How to complete this task
What you return should be only the lines in the entries below between the one holding "The literacy rate" and the one holding "Set of 8 Glass", ends included, with every picture left out.

Available records
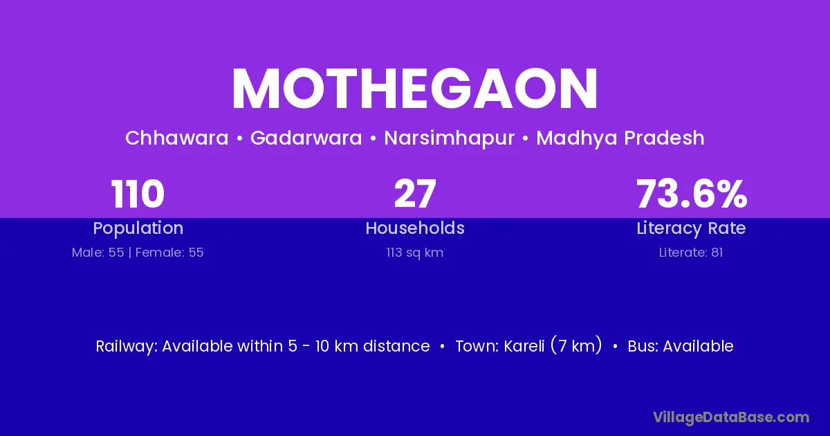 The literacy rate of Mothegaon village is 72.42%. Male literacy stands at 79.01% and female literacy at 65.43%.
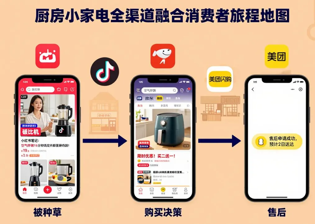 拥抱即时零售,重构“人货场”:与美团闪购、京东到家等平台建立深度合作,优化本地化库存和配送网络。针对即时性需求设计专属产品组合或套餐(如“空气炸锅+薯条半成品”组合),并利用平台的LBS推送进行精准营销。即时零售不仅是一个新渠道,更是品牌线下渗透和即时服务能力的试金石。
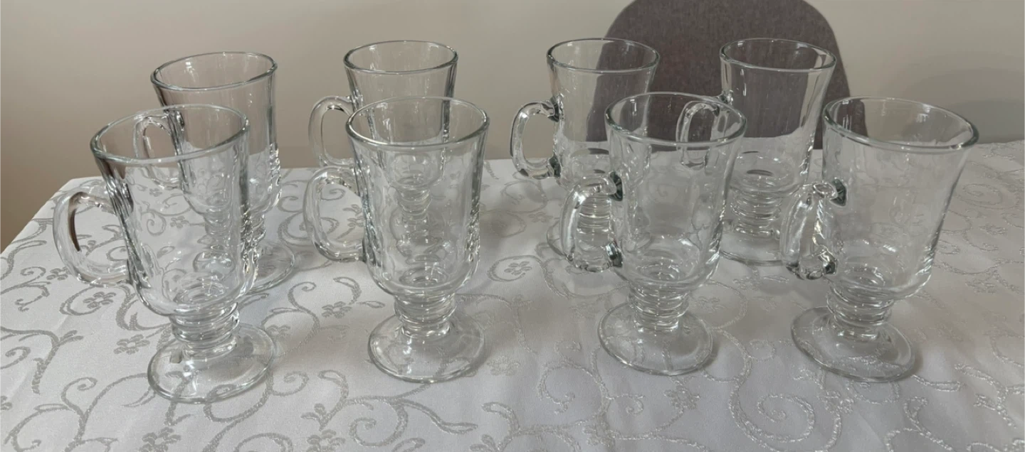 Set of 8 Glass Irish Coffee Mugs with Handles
==
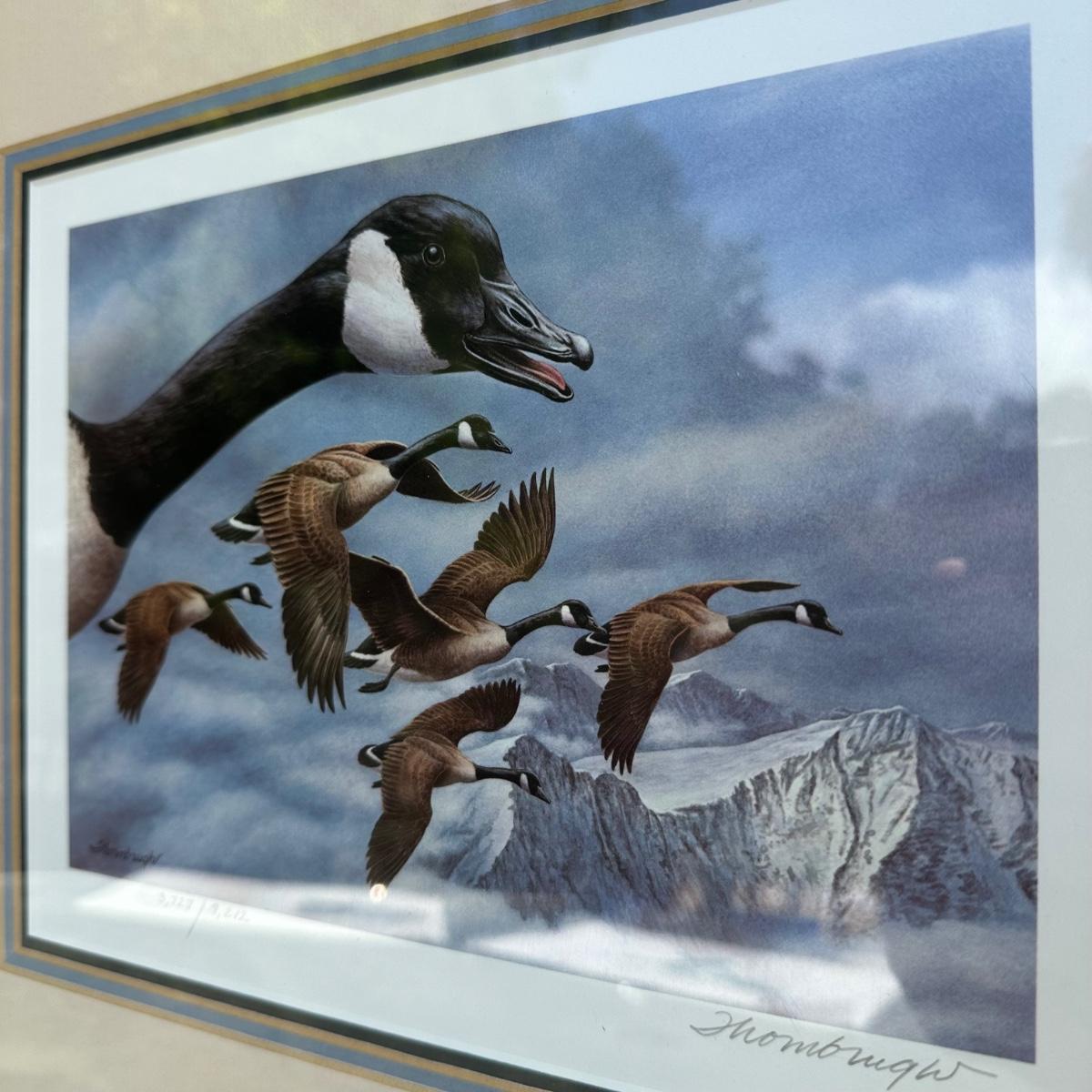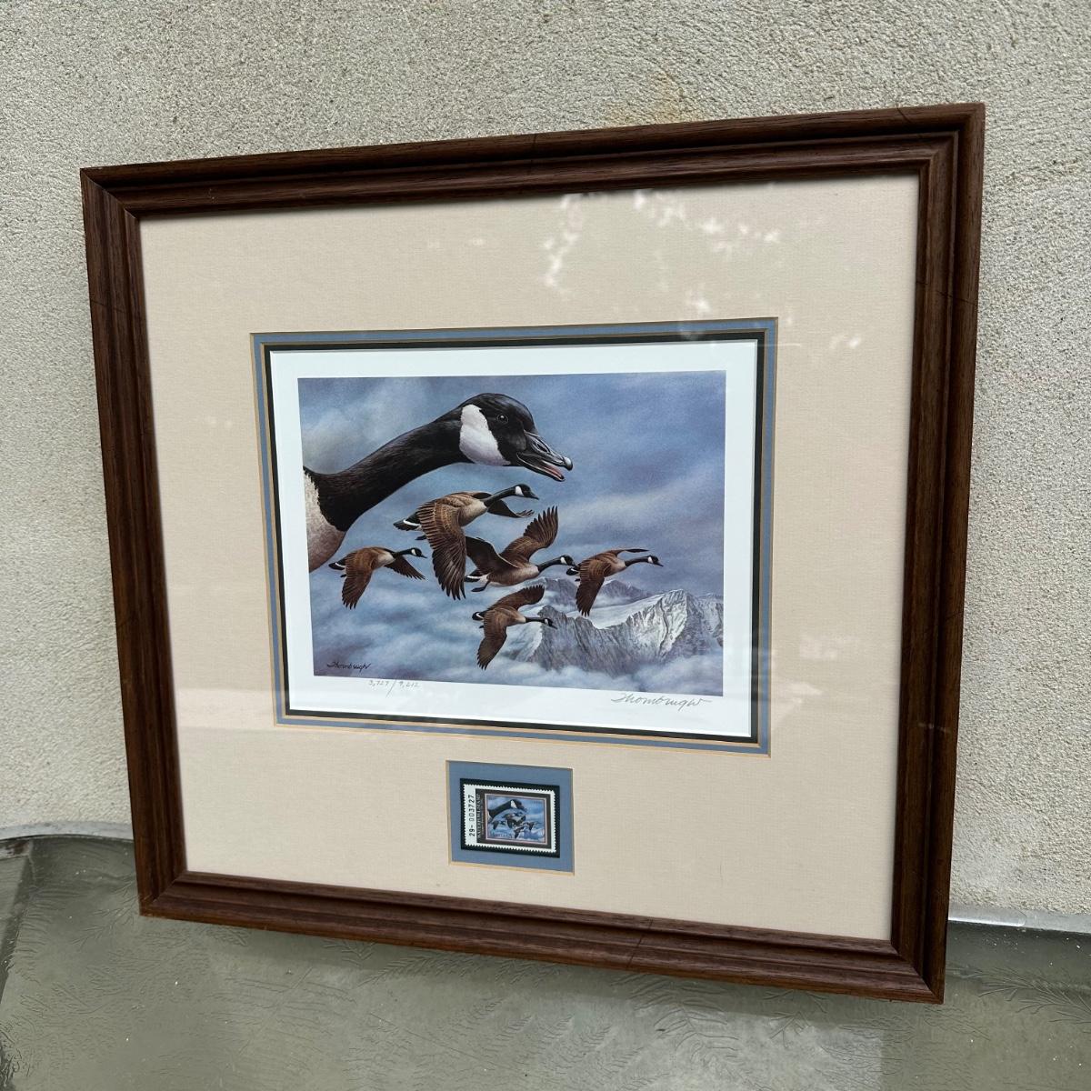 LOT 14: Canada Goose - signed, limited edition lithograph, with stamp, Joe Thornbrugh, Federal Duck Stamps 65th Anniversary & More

Response to the exercise
 The literacy rate of Mothegaon village is 72.42%. Male literacy stands at 79.01% and female literacy at 65.43%.
 拥抱即时零售,重构“人货场”:与美团闪购、京东到家等平台建立深度合作,优化本地化库存和配送网络。针对即时性需求设计专属产品组合或套餐(如“空气炸锅+薯条半成品”组合),并利用平台的LBS推送进行精准营销。即时零售不仅是一个新渠道,更是品牌线下渗透和即时服务能力的试金石。
 Set of 8 Glass Irish Coffee Mugs with Handles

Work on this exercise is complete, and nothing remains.